== Segment start ==

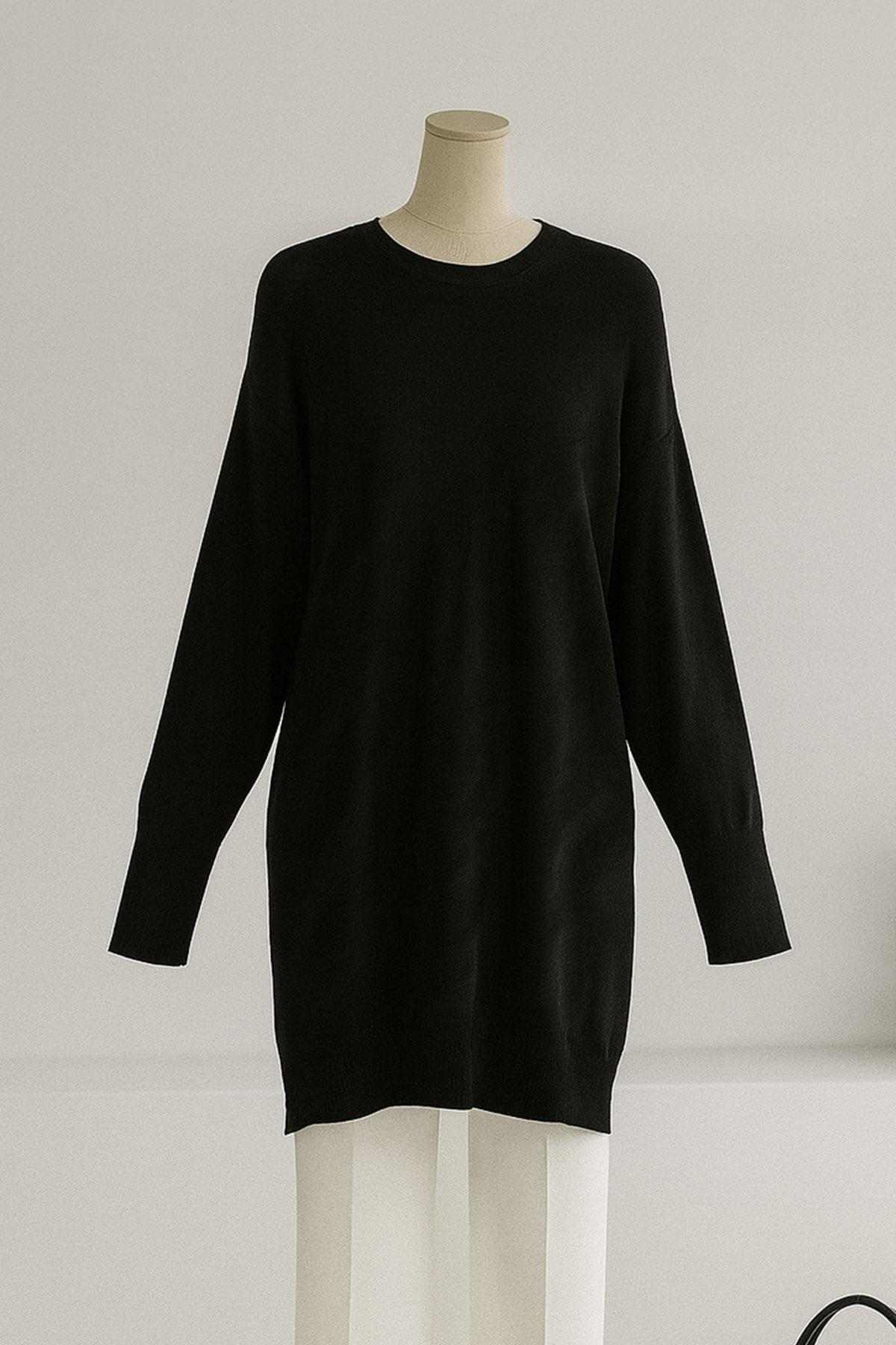 Kendinden Çapraz Desenli Sıfır Yaka Triko Tunik Siyah
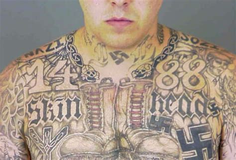 White Supremacist Tattoos, The meanings of colors or stripes on the robes tend to vary from klan group to klan group. Four totenkopfs surround the iron cross, while around the image are the german phrases für immer weiss and für immer stolz, which translate to forever white and forever proud.
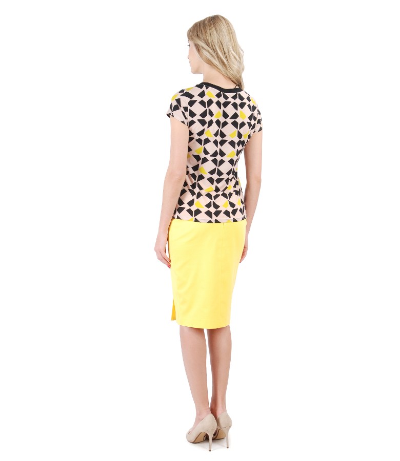 Tinuta eleganta cu tricou din jerse imprimat si fusta creion (), marimea
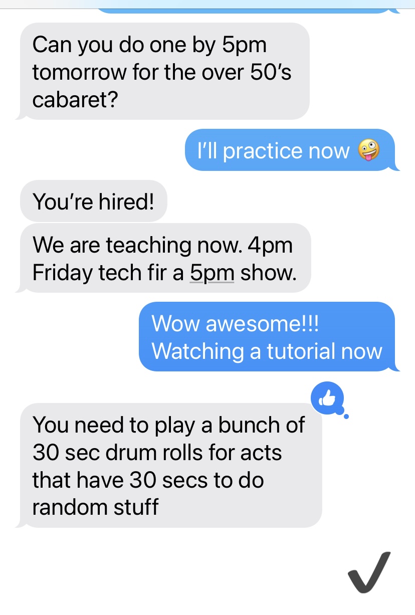I brought to the stage my naive confidence, my enthusiasm, my natural sense of timing, and my utter humility in the presence of REAL musicians (who have actually toured the world with companies like Circus Oz and Circus Monoxide), plus my sequinned pants.
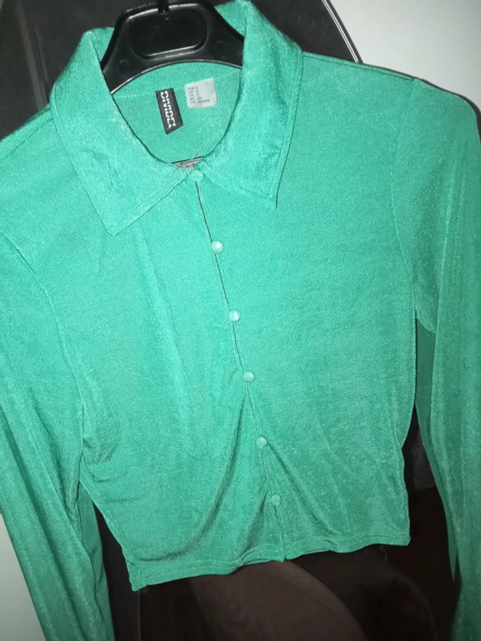 Top chemise / crop top chemise vert neuf by H&M taille S - photo numéro 1
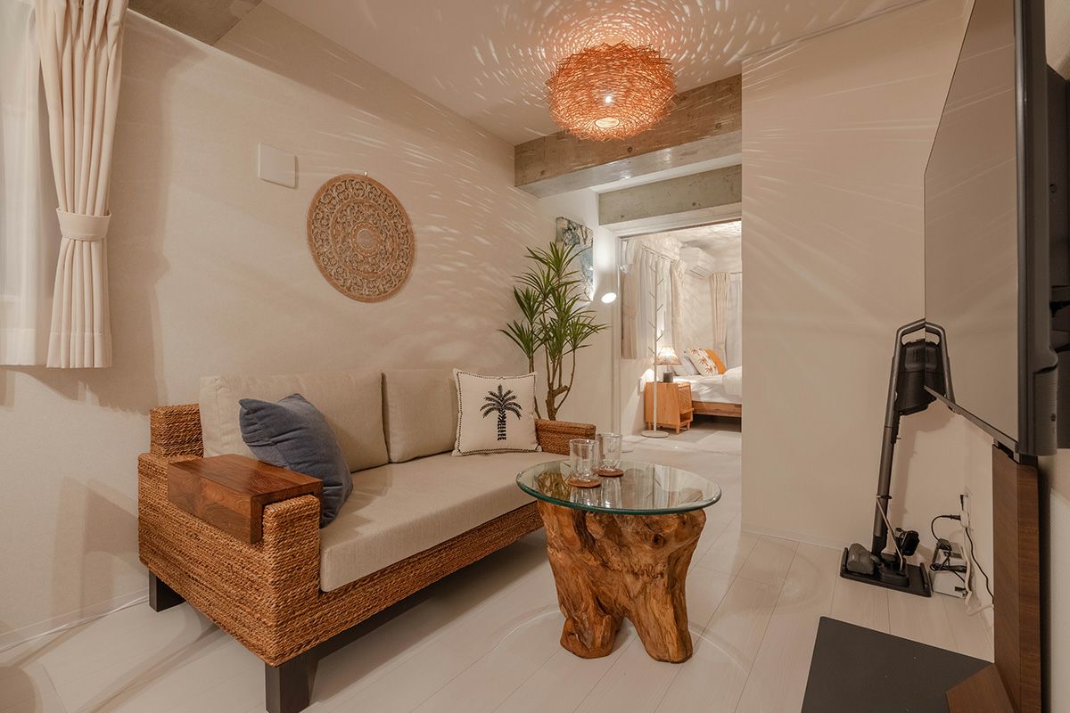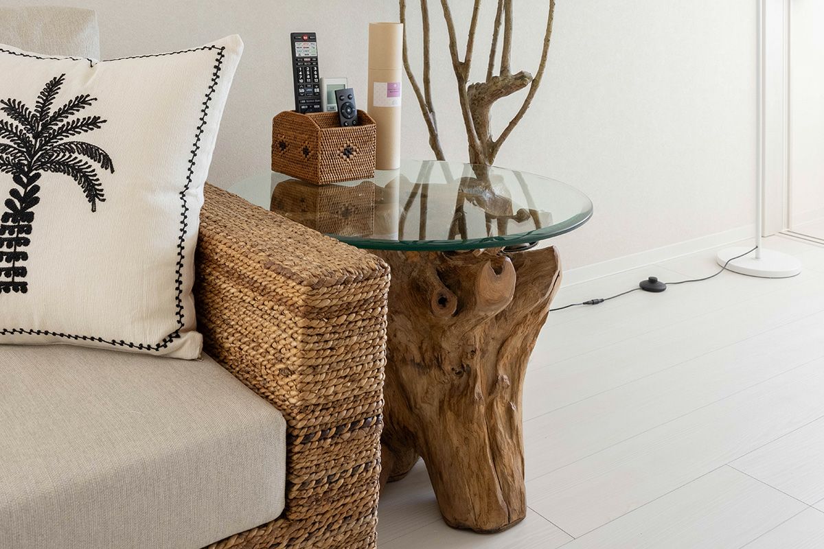 天板がガラス製なので、ソファ前の空間をすっきり広く見せてくれます。ガラス天板は、お茶やコーヒーなどをこぼしても、さっと拭くだけ。アルコールも使えるので衛生面でも安心です。アジアン素材との相性も抜群ですが、スタイルを選ばず自分色のインテリアをお楽しみいただけます。

== Segment end ==

When printing the entries, leave out the images and keep everything else exact.

| Solved problem |
 Kendinden Çapraz Desenli Sıfır Yaka Triko Tunik Siyah
 White Supremacist Tattoos, The meanings of colors or stripes on the robes tend to vary from klan group to klan group. Four totenkopfs surround the iron cross, while around the image are the german phrases für immer weiss and für immer stolz, which translate to forever white and forever proud.
 Tinuta eleganta cu tricou din jerse imprimat si fusta creion (), marimea
I brought to the stage my naive confidence, my enthusiasm, my natural sense of timing, and my utter humility in the presence of REAL musicians (who have actually toured the world with companies like Circus Oz and Circus Monoxide), plus my sequinned pants.
 Top chemise / crop top chemise vert neuf by H&M taille S - photo numéro 1
 天板がガラス製なので、ソファ前の空間をすっきり広く見せてくれます。ガラス天板は、お茶やコーヒーなどをこぼしても、さっと拭くだけ。アルコールも使えるので衛生面でも安心です。アジアン素材との相性も抜群ですが、スタイルを選ばず自分色のインテリアをお楽しみいただけます。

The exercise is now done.